I ended up doing the following:

public URL createTarGzip() throws IOException {
    Path inputDirectoryPath = ...
    File outputFile = new File("/path/to/filename.tar.gz");

    try (FileOutputStream fileOutputStream = new FileOutputStream(outputFile);
            BufferedOutputStream bufferedOutputStream = new BufferedOutputStream(fileOutputStream);
            GzipCompressorOutputStream gzipOutputStream = new GzipCompressorOutputStream(bufferedOutputStream);
            TarArchiveOutputStream tarArchiveOutputStream = new TarArchiveOutputStream(gzipOutputStream)) {

        tarArchiveOutputStream.setBigNumberMode(TarArchiveOutputStream.BIGNUMBER_POSIX);
        tarArchiveOutputStream.setLongFileMode(TarArchiveOutputStream.LONGFILE_GNU);

        List<File> files = new ArrayList<>(FileUtils.listFiles(
                inputDirectoryPath,
                new RegexFileFilter("^(.*?)"),
                DirectoryFileFilter.DIRECTORY
        ));

        for (int i = 0; i < files.size(); i++) {
            File currentFile = files.get(i);

            String relativeFilePath = new File(inputDirectoryPath.toUri()).toURI().relativize(
                    new File(currentFile.getAbsolutePath()).toURI()).getPath();

            TarArchiveEntry tarEntry = new TarArchiveEntry(currentFile, relativeFilePath);
            tarEntry.setSize(currentFile.length());

            tarArchiveOutputStream.putArchiveEntry(tarEntry);
            tarArchiveOutputStream.write(IOUtils.toByteArray(new FileInputStream(currentFile)));
            tarArchiveOutputStream.closeArchiveEntry();
        }
        tarArchiveOutputStream.close();
        return outputFile.toURI().toURL();
    }
}

This takes care of the some of the edge cases that come up in the other solutions.

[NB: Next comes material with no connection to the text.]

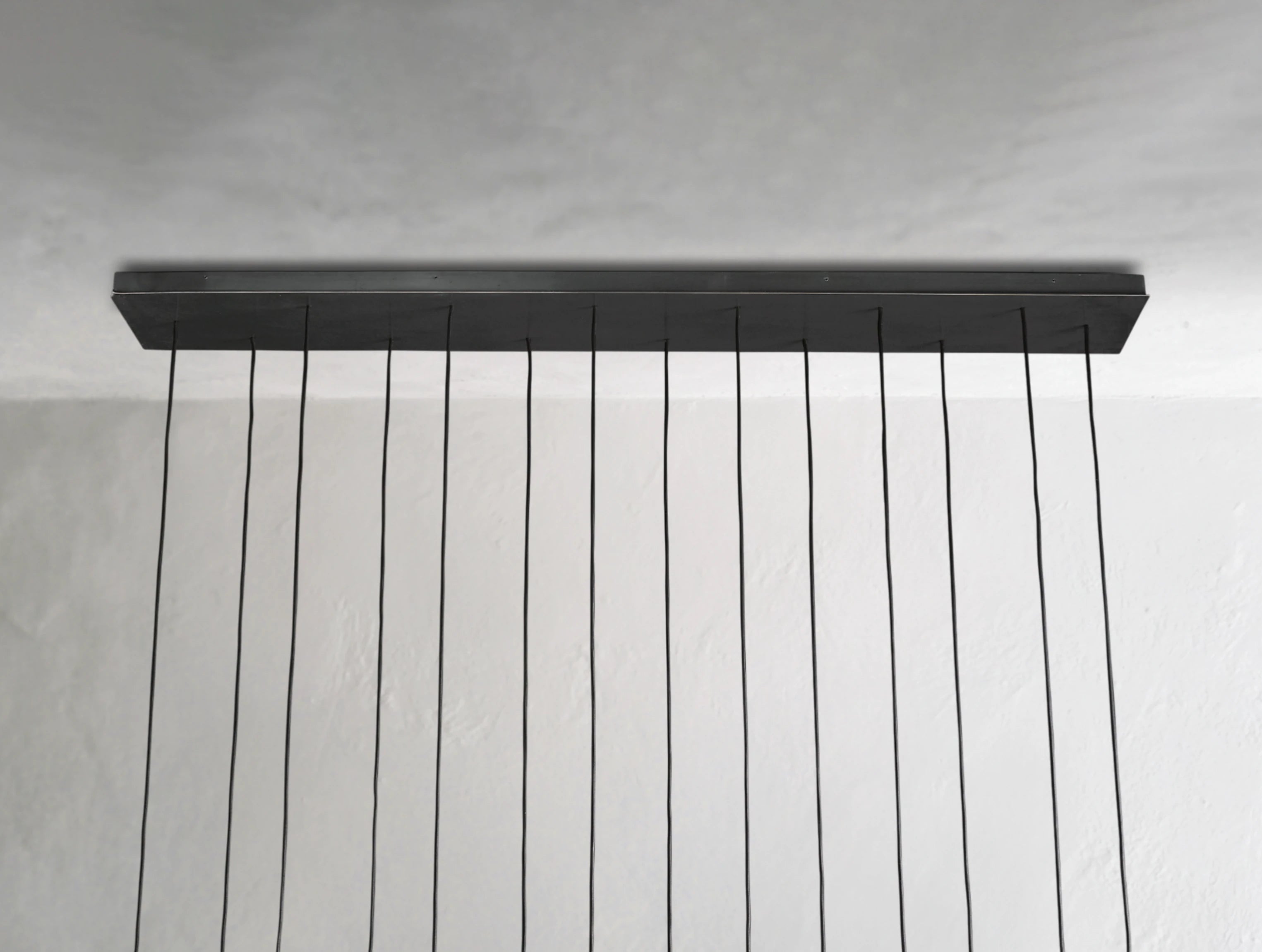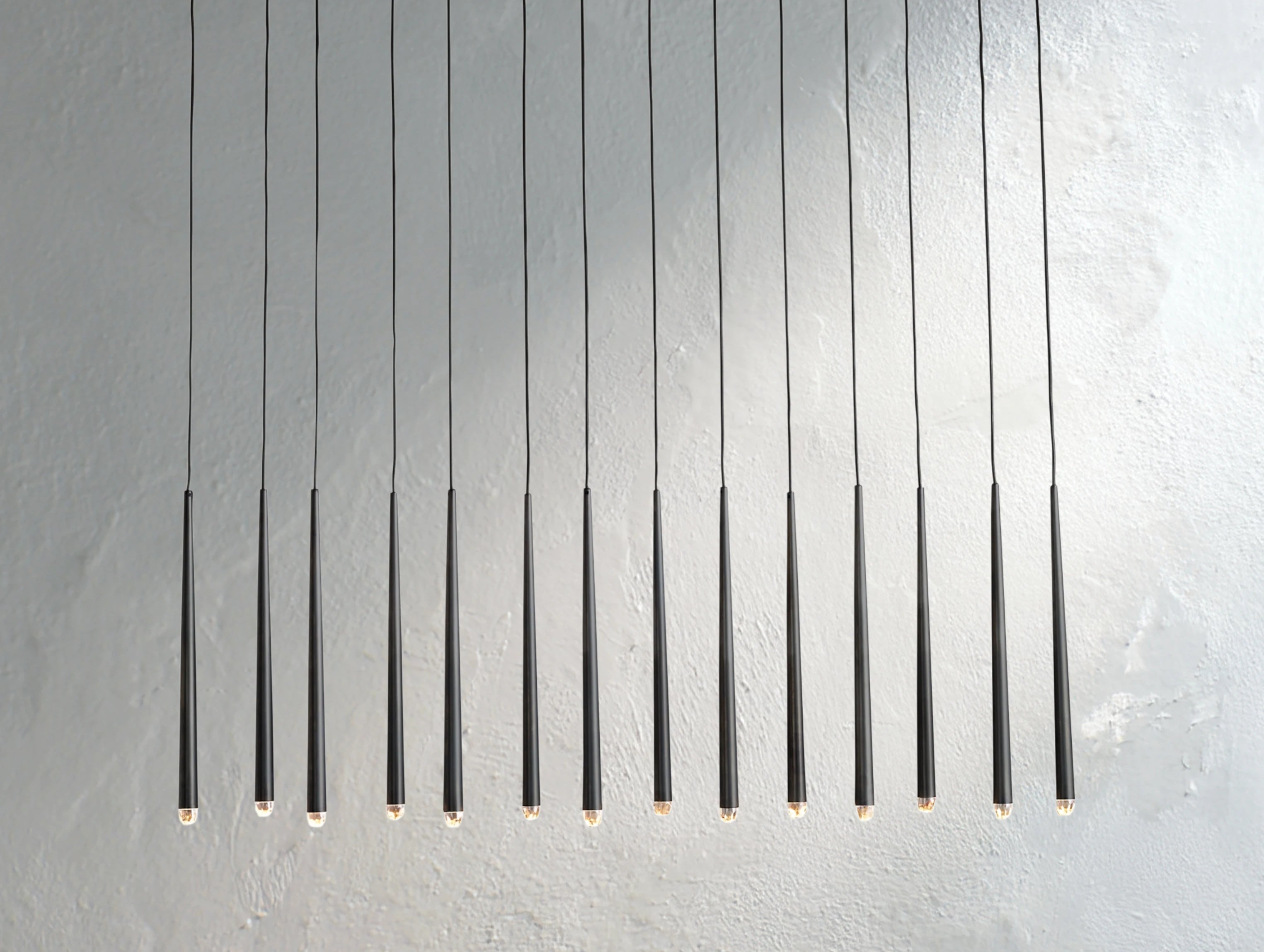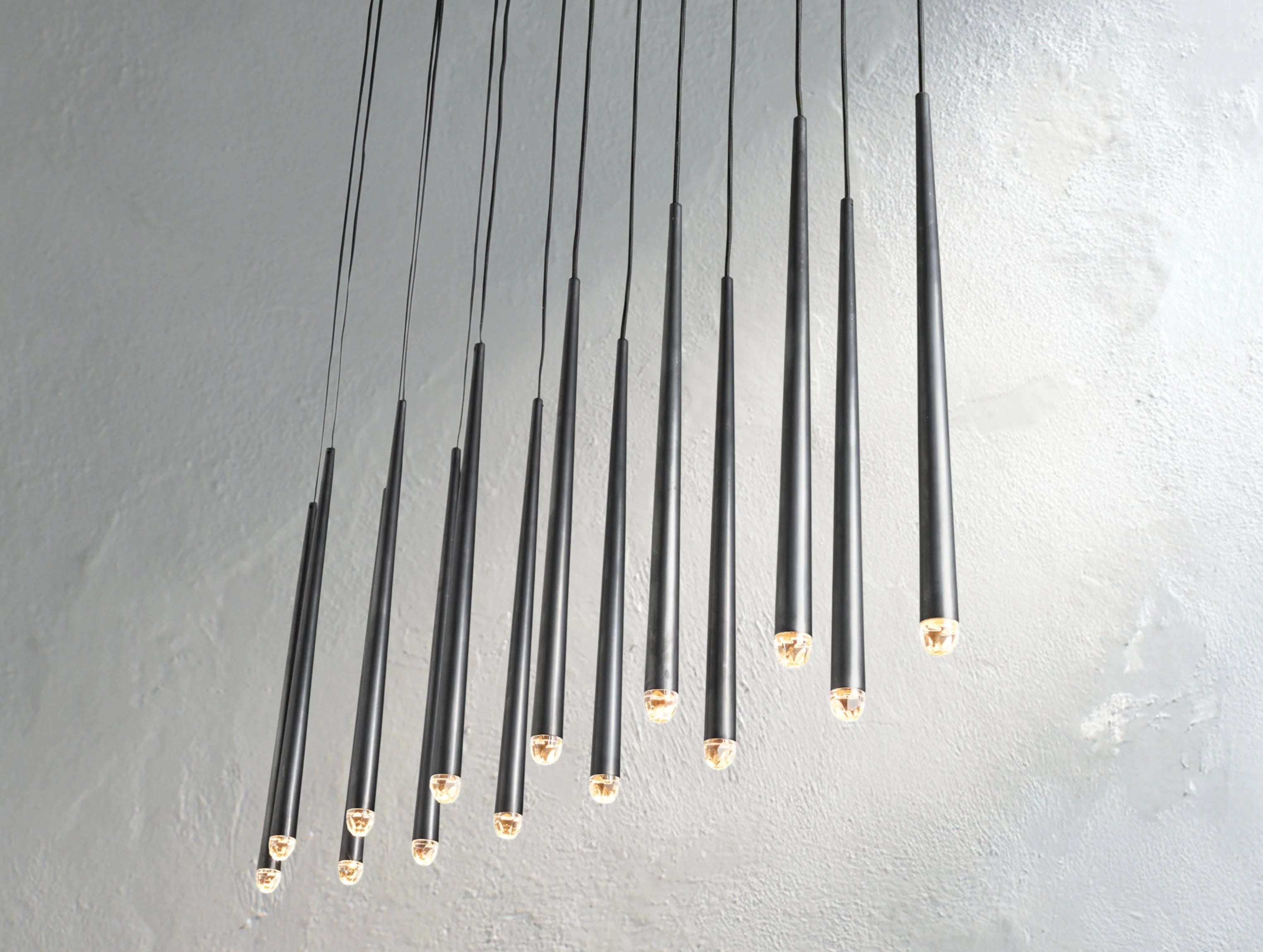 Inspired by the French minimalist lighting of the 1960s, this chandelier features sculptural brass forms suspended from slender black cords. Each faceted glass tip contains an inset LED, casting a warm, glowing light. The elongated silhouette is perfect over dining tables, kitchen islands, or any space that calls for refined modern drama.

Jug answered 12/7, 2016 at 15:6 Comment(4)
Can you share the imports or lib names? I have these libraries (in Maven format), but FileUtils.listFiles() is not found with that erasure. Thanks. org.apache.commons:commons-collections4:4.1, org.apache.commons:commons-compress:1.12, commons-io:commons-io:2.4Tenderfoot
And the imports: import java.io.*; import java.net.URL; import java.nio.file.Path; import java.util.*; import org.apache.commons.compress.archivers.tar.*; import org.apache.commons.compress.compressors.gzip.*; import org.apache.commons.io.IOUtils; import org.apache.commons.io.filefilter.*;Tenderfoot
had the same problem @ldmtwo, just change "inputDirectoryPath" to an actual file (and you can just make the reference a collection and not a new arraylist)Warthman
@Polygon This worked for me. This should be the solution. The current solution gives an error in some cases.Divalent
D
2

I had to make some adjustments to @merrick solution to get it to work related to the path. Perhaps with the latest maven dependencies. The currently accepted solution didn't work for me.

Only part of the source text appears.